A recent graduate of Bellevue University's Data Science Graduate progam, I am eager to show you what I have learned and what I am capable of. Here you will find a collection of some of my favorite data science projects.
This project goes through various visual mediums such as a Tableau dashboard, PowerPoint presentation, blog post, infographic, and an informative video. The data analysis is presented in various ways to show different visual analysis of data and different presentation platforms depending on the audience.
This project uses image classification on normal, benign, and malignant breast ultrasound images to build a model that can detect whether a specific specimen contains cancer or not. The business problem would be that there needs to be a way to detect whether a person has breast cancer quickly and in an automated way to test for cancer based off someone’s ultrasound images. This could therefore speed up the process of diagnosing patients and getting them the treatment they need. Some research questions to potentially answer include the following: With what accuracy and speed can we determine if an ultrasound image contains cancerous masses. What would be the impact if an image is misclassified? What is it that determines whether an image has cancerous masses?
This project takes data from the status of people who were vaccinated, partially vaccinated, and not vaccinated for COVID 19 and provides visual and statistical analysis using R. The main business question was to see how the US compared to other countries when it came to vaccination numbers. Some analysis techniques used were CDF and PMF graphs, histograms, pareto and lognormal distribution curves, scatterplots, and correlation charts. There was also a regression model built to see if predicting where the vaccination rates will go was also conducted and presented.
This project used Trip Advisor text reviews and ratings of various Disney parks around the world and used graph analysis to look at the rankings of each resort to see which one had a higher satisfaction rating. There was also feature extraction performed on the variables, and then text analysis was then used to find those with positive ratings based off their comments. The text classification model was used to classify each review as positive or negative overall to see which parks had better Guest satisfaction.
This project will focus on a real-life application of data science for my current job in efforts to report the work that has been done over the last fiscal year, describe how the work has changed, and what work is left to be done. A new digital platform was introduced in 2019, and so it is necessary to show the impacts of that work on the current fiscal year as well. The main business problem is that we need to find a way to show executives that the work we have been doing over the past year is important, continues to grow, and that the need for permanent positions and temporary positions are still relevant. This analysis and presentation are necessary to maintain our current funding and be able to justify why we may need more funding in the future. Some research questions include: How does the new digital platform impact the work? How much of the original work is still being done? How efficient is this new platform? Does the efficiency mean less or more positions are needed to get the work done?
This project studies the affects that alcohol consumption has on high school performance using Python and R. There was a wide amount of categorical data from two different sets of classes, and multiple visual and statistical analysis processes were performed on the data to see what else affects high school performance other than alcohol. A random forest regression and classifier model were created to generate information on what could predict future high school performance.
Using ggplot and other techniques in R, this project takes three different data sets with different movie ratings and performs EDA using visualizations and statistical analysis. This project was used to discover what types of films are more successful, which directors have the highest rated movie, and what production companies make the best movies.
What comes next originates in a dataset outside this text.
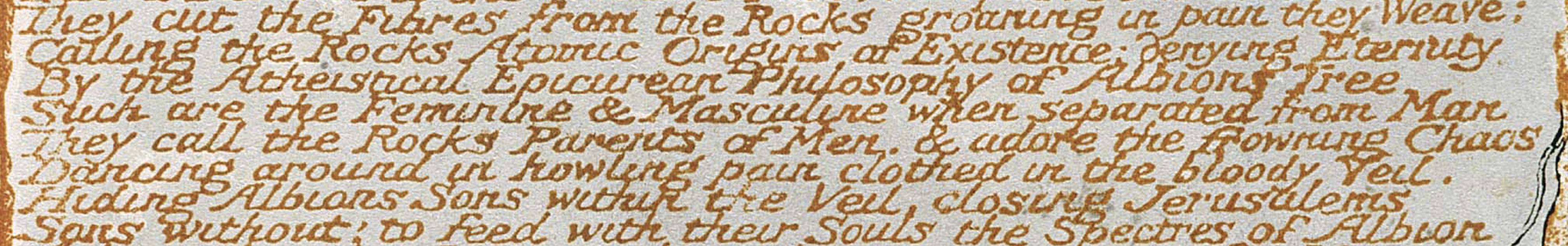 The symbiotic conflict between these two classes of men is also an internal conflict within every individual, and is symbolized on plate sixteen in Blake’s discussion of the “prolific” (energy) and the “devourer” (reason/ratio). The relationship between the two is the perfect model of Blakean contraries, as the two are entwined in an interminable state of conflict in which the prolific perpetually creates in the immediate media of life and energy while the devourer deadens his creations by imprisoning them in a system of symbols.
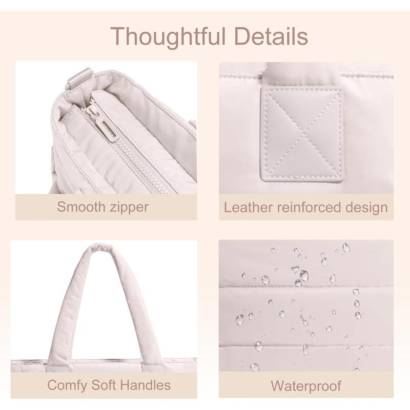 【Lager Capacity】: Size:17.7*5.9*9.8 inches,Capacity:25L,This puffer Tote Bag can hold 15.6''laptop,wallet,iPad,umbrella,cosmetics,clothes and other daily necessities,free your hands and make traveling easier!

IMDb and Rotten Tomatoes ratings were as a guideline to gauge what makes a movie a success. Streaming data was also analyzed to see what platforms tended to have higher rated movies as well as what genres each streaming service tended to favor.
This project will focus on video game sales by performing an exploratory data analysis along with predictive modeling to gather information for future game designs. Questions answered in the analysis include What makes a great video game? What console is the higher selling console or platform? Which games had the highest sales? Can we predict what games might do well in the future? Did the 2020 pandemic affect sales positively or negatively?
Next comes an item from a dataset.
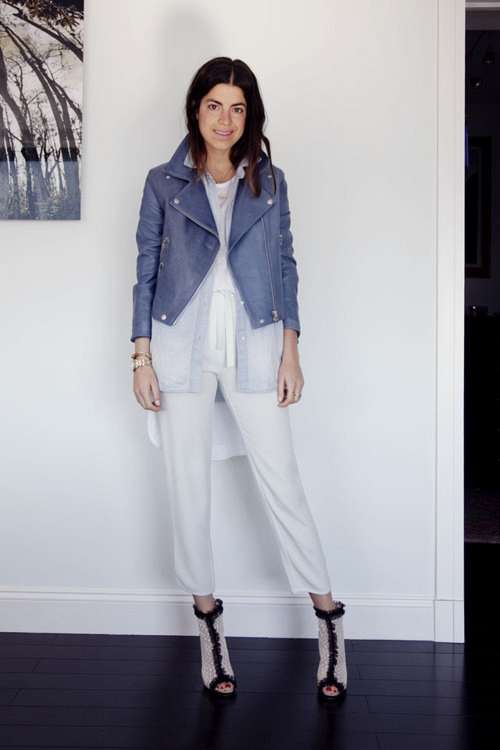 H blogger Man Repeller με λευκό ως βάση και τζιν χρώματα σε ένα layering (πουκάμισο, τζάκετ). Τα ψηλά παπούτσια προσθέτουν θηλυκότητα.
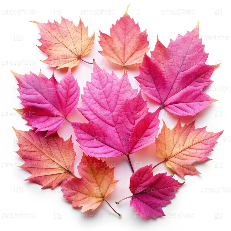 Розовые и оранжевые осенние листья расположены на белом фоне

This project uses Australian weather data to demonstrate various data extracting and cleaning techniques. Weather data was pulled from a local csv file, web data was pulled off a Wikipedia page, and a website using an API call was also used to extract weather data. The various forms of data were brought into Python and cleaned for data analysis using various cleaning methods. All the data was then merged into one data set using SQLLite.
This project is a simple but effective application that demonstrates Python coding expertise by pulling weather information off of the internet and displaying the results. A user could input any location using either a zip code or city and would generate various weather data using an API key. An error message will also display if an incorrect or invalid location is entered.